Magenband

Für wen ist das Magenband geeignet

Das Magenband wird bei Patienten mit Adipositas ab Grad II
(BMI ab 35)
eingesetzt. Der Grund zur Operation ist immer die Prävention oder Behandlung von Krankheiten, die im Zusammenhang mit Fettleibigkeit entstehen. Weiter bewirkt die Operation eine Verbesserung der Lebensqualität und nachweislich auch eine Lebensverlängerung.

Patienten, die sich der Adipositas-Behandlung mit Hilfe eines Magenbands unterziehen möchten, benötigen keine Empfehlung ihres praktischen Arztes. Sämtliche Untersuchungen erfolgen in der Klinik

 

Gewichtsreduktion mit einem Magenband

Im Durchschnitt verliert der Patient nach 2 Jahren 20 kg und danach stabilisiert sich die Gewichtsabnahme . Das Ergebnis ist natürlich auch von dem Ausgangsgewicht und der individuellen Veranlagerung des Patienten abhängig. Die Werte und das konkrete Ergebnis können sich bei jeweiligen Patienten unterscheiden.

Ein großer Vorteil des Magenbandes ist, dass es lebenslang verbleiben kann und ein frühzeitiges Sättigungsgefühl bewirkt. Dadurch hilft das Magenband die Rückkehr zum alten Lebensstil zu verhindern, d.h. übermäßiges Essen und Jojo-Effekt mit neuer Gewichtszunahme, zu der es bei nichtoperativer Behandlung so häufig kommt.

Oftmals verringern Patienten, die bedeutend Gewicht reduziert haben, die Dosis von Medikamenten gegen Bluthochdruck, Diabetes mellitus, usw., oder setzen diese sogar ganz ab.

 

Ablauf der Operation

Das Magenband ist ein Eingriff, bei dem durch laparoskopischen Zugang (4-5 kleine Schlüssellöcher) um den oberen Magenteil eine Sillikonmanschette eingesetzt wird. Dank der Manschette bekommt der Magen die Form einer Sanduhr und es entsteht ein kleiner Vormagen. Der Vormagen weist nur ein kleines Volumen auf (ca. 20 bis 30 ml). Bei der Aufnahme von geringen Speisemengen füllt sich der Vormagen schnell und es entsteht ein Sättigungsgefühl. Somit reduziert der Patient die Nahrungsaufnahme und Energiezufuhr.

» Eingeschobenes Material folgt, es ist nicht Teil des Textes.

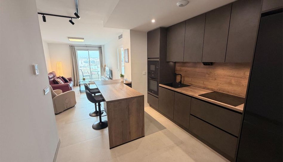 La vivienda presenta una distribución abierta y funcional. La zona de día integra salón y cocina en un único espacio amplio y luminoso. Las puertas correderas del salón dan acceso a una terraza con vistas panorámicas a la ciudad de Almería, aportando gran luminosidad a toda la estancia y convirtiéndose en el lugar ideal para disfrutar del clima durante todo el año.

Der eigentliche Eingriff dauert etwa 60 min und die postoperative Hospitalisierung beträgt standardmäßig 1 bis 2 Tage. Danach ist der Patient fähig die Klinik zu verlassen.

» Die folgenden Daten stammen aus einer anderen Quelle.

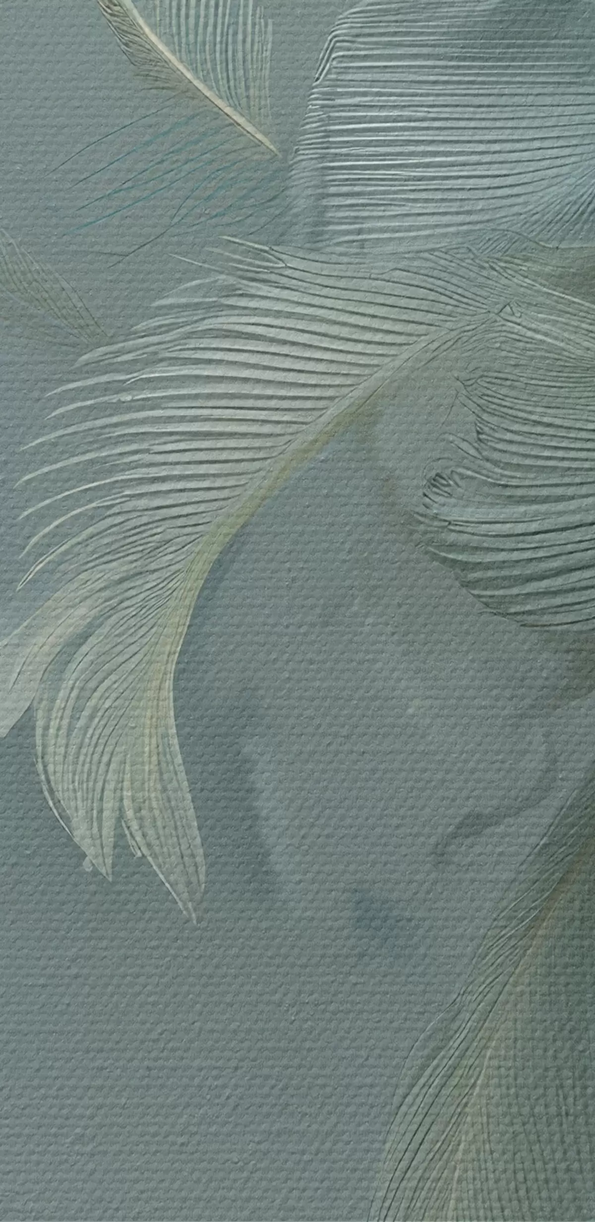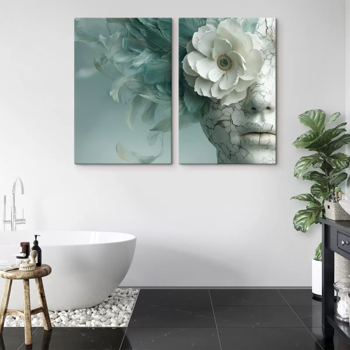 Gemälde marmorgesicht eines Mädchens mit einer Blume und Federn Art. m00699

Sämtliche präoperative Untersuchungen und der Eingriff selbst erfolgen am selben Tag.

 

Diät nach der Operation

Unmittelbar nach der Operation beginnt der Patient mit der Diät. Er erhält von dem behandelnden Adipesitas Chirurgen einen Ernährungsplan und wichtige Hinweise.

In der Regel darf der Klient in den ersten vier Wochen ausschließlich flüssige Nahrung zu sich nehmen, wie Brühe, Tee, Kaffee, ungesüßte Getränke ohne Kohlensäure, Frucht- und Gemüsesäfte, Joghurt usw.

Es darf jedoch nicht zu viel Flüssigkeit auf einmal konsumiert werden. Anstatt einer großen Portion sollte das Essen/Trinken auf mehrere kleine Portionen aufgeteilt werden.

Den genauen Ernährungsplan erhält der Patient in der Klinik.

 

Risiken und mögliche Komplikationen

Wie bei jedem chirurgischen Eingriff ist auch die Implantation des Magenbandes mit einem gewissen Risiko verbunden. Die häufigste Komplikation, die im Zusammenhang mit dem Magenband verfolgt wird, ist die Unverträglichkeit des Magenbandes, zur der es bei etwa 5% der operierten Patienten kommt.

Weltweit wird eine Mortalität von 0% bis 2% angegeben. In der Klinik ISCARE beträgt seit Betriebsbeginn im Jahre 1995 die Sterberate 0%.